__Task directions__:
Omit the pictures. Transcribe exactly the lines below, from the one with "讲座结束后,全体师生来到公司" up to and including the last.

- Opening Delimiter -

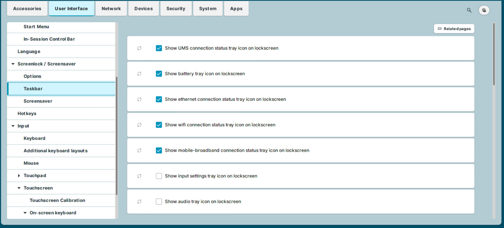 Mit den folgenden Parametern können Sie den Zugriff auf Tray-Anwendungen bei gesperrtem Bildschirm aktivieren/deaktivieren. Die Parameter für den Desktop (zu finden unter Benutzeroberfläche > Desktop > Taskleistenelemente) und die Parameter für den Sperrbildschirm sind unabhängig voneinander. Sie müssen die Symbole für beide Anwendungsfälle separat aktivieren/deaktivieren. Weitere Informationen finden Sie unter Authentifizierung in IGEL OS 12 und Taskleistenelemente in IGEL OS 12.
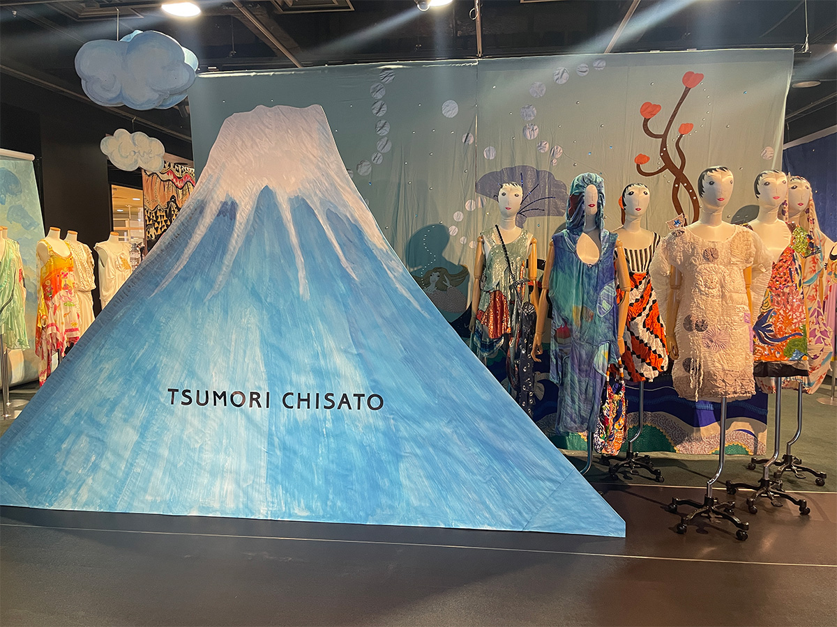 時を同じくして、Rakuten Fashion Week Tokyoのメイン会場である渋谷ヒカリエの特設会場では「ツモリチサト」のこれまでを物語る100体以上のルックや映像、プロップスも展示され、時を超えて様々な津森さんのクリエーションを感じられる空間に。そこにある一体一体にシーズンなどは記されていないのですが、あれもこれも見覚えのあるものばかり。同僚たちと「この服、撮影させてもらったよね!」「あれは表紙になった服だね」と記憶がよみがえってきたのです。津森さんがつくってこられたものは、記憶に残るものなのだとあらためて気づかされた瞬間でした。
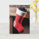 Une grande réserve de Noël rouge remplie de charbon est suspendue dans un mantel de cheminée orné de sculptures. Le texte peut être modifié.
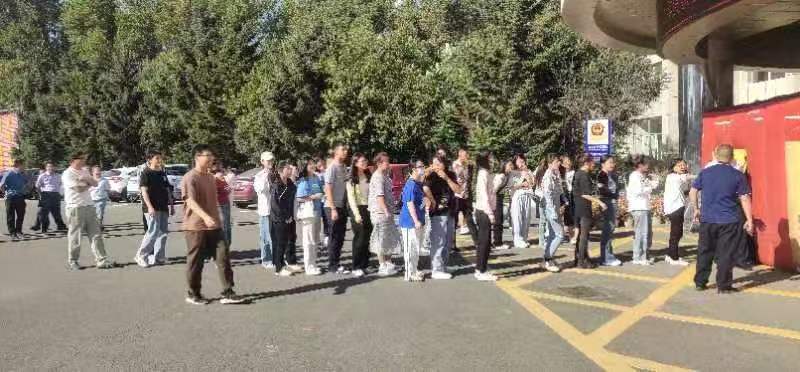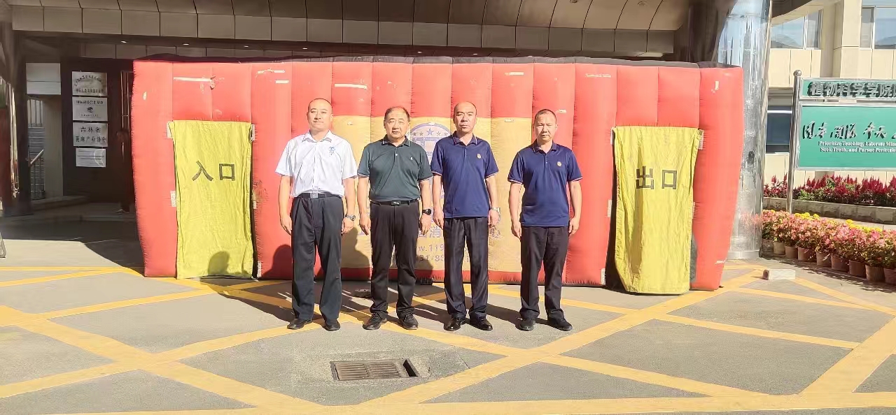 讲座结束后,全体师生来到公司楼前三环广场进行提前准备好的气垫房实景逃生演练,两或三人一组进行,要求在二十秒内从出口安全逃出。
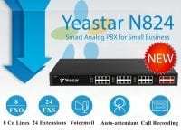 Yeastar N824 Smart Analog Phone System is an easy-to-use and affordable phone system designed to deliver advanced communication features of a large system to small offices. Yeastar N824 maximizes cost-effectiveness with 8 CO lines, 24 analog extensions, 8 SIP extensions, 4 SIP trunks and the ability to handle calls with your mobile phone.
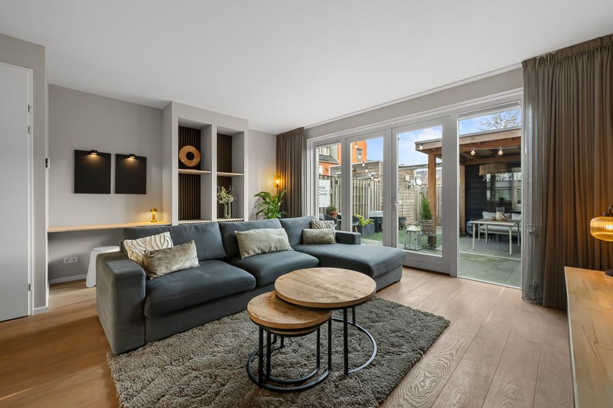 Aan de achterzijde van de woning bevindt zich de comfortabele zithoek, waar openslaande deuren direct toegang geven tot de tuin. Hierdoor lopen binnen en buiten mooi in elkaar over, ideaal op zonnige dagen. De achtertuin is verzorgd aangelegd, gelegen op het noorden en voorzien van een overkapping en een berging. De tuin grenst aan het parkeerterrein van de wijk, wat zorgt voor extra gemak.

- Closing Delimiter -

__Response area__:
 讲座结束后,全体师生来到公司楼前三环广场进行提前准备好的气垫房实景逃生演练,两或三人一组进行,要求在二十秒内从出口安全逃出。
 Yeastar N824 Smart Analog Phone System is an easy-to-use and affordable phone system designed to deliver advanced communication features of a large system to small offices. Yeastar N824 maximizes cost-effectiveness with 8 CO lines, 24 analog extensions, 8 SIP extensions, 4 SIP trunks and the ability to handle calls with your mobile phone.
 Aan de achterzijde van de woning bevindt zich de comfortabele zithoek, waar openslaande deuren direct toegang geven tot de tuin. Hierdoor lopen binnen en buiten mooi in elkaar over, ideaal op zonnige dagen. De achtertuin is verzorgd aangelegd, gelegen op het noorden en voorzien van een overkapping en een berging. De tuin grenst aan het parkeerterrein van de wijk, wat zorgt voor extra gemak.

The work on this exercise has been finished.